The difference in the variability between the two conditions is given by:

$$\vec{{dv}}={\vec{v}}_{2}-{\vec{v}}_{1}$$

and the magnitude of this difference \((\Vert{\vec{dv}}{\Vert})\) is the DV score—a measure of relative changes in variability between the two conditions.

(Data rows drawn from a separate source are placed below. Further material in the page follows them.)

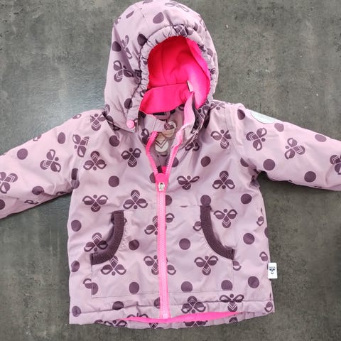 Hummel jakke til pige i str. 86. Jakken er rød og fremstillet i polyester. Den har hætte, gennemgående lynlås med trykknapper foran samt elastik ved ærmeafslutningerne. Ifølge mærkningen er jakken vandtæt og åndbar. Indvendigt er der navnemærke til påføring af kontaktoplysninger. Velegnet som overtøj til mindre børn i overgangsvejr eller regnvejr.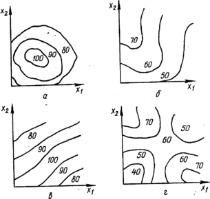 Рис. 4. 12. Виды поверхностей откликов: а — парабол-лоида; б — стационарной возвышенности; в — «хребет»;
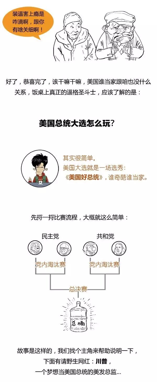 大選的流程咱們就大概說完了,可是我知道你們讀書少,即便講到這個程度也還是聽不明白,於是混子哥決定給大家一個福利: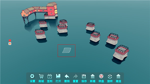 3、当水面上出现如下图标识时,玩家可以通过点击来进行水上建筑的建造。
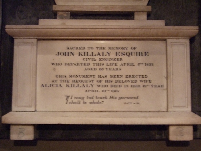 Around this time, Killaly married Alicia Hamilton and three of their sons later graduated from the University of Dublin, two of them following their father in his profession. Along with a younger brother John Sackville Killaly, Hamilton Hartley Killaly (1800-1874) emigrated to Canada in 1834 and later became the first president of the Canadian Society of Engineers.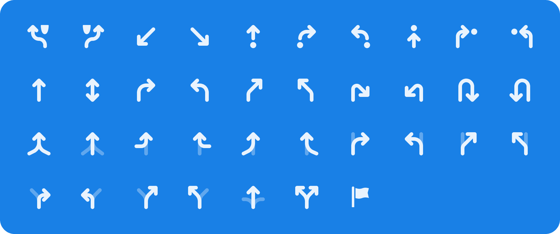 Alongside the broader iconography effort, I also contributed a more utilitarian set of icons focused on navigation. These were purpose-built for the core biking experience — icons for routes, turns, detours, and direction changes.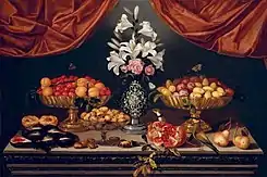 In Spanish Still Life from Velázquez to Goya, Jordan coined the term "Pseudo-Hiepes" to describe a then-unknown artist, and attributed around 40 paintings to them due to similarities in their style to the works of Tomás Hiepes.[67] Against a contemporary opinion that the painter was based in Italy, Jordan argued that Pseudo-Hiepes most likely belonged to Aragon, owing to the antiquated themes of paintings from that region.[68] The assessments were validated when Pewter Dish with Melons, Grapes, Apricots and Plums (1675–1700), a signed painting by Bernardo Polo of Aragon, was discovered in 2009. Jordan assessed the painting to be nearly identical in its facture and composition to the works of Pseudo-Hiepes, which also frequently contained elements unique to Pewter Dish with Melons, Grapes, Apricots and Plums. He concluded that Pseudo-Hiepes was Polo.[69]

Identifying differentially variable genes

Genes with a significantly greater DV score are considered DV genes. The direction of variability change between conditions is given by \({||}{\vec{v}}_{1}{||}-{||}{\vec{v}}_{2}{||}\), indicating whether variability increased or decreased. To assess the confidence of DV scores, the distance difference magnitude (\({||}\vec{{dv}}{||}\)) is standardized using z-scores. Assuming a Gaussian error distribution, the cumulative density function is used to compute p-values, identifying genes with distinct variability changes in the right tail of the distribution. A p-value threshold of <0.05, rather than a more stringent cutoff, was used to obtain sufficiently large sets of DV genes in each case study, facilitating the interpretation of gene functions. Notably, the Benjamini-Hochberg procedure⁵⁶ or the Benjamini-Yekutieli correction⁵⁷, the latter applicable when test statistics are correlated, can be employed to control the false discovery rate.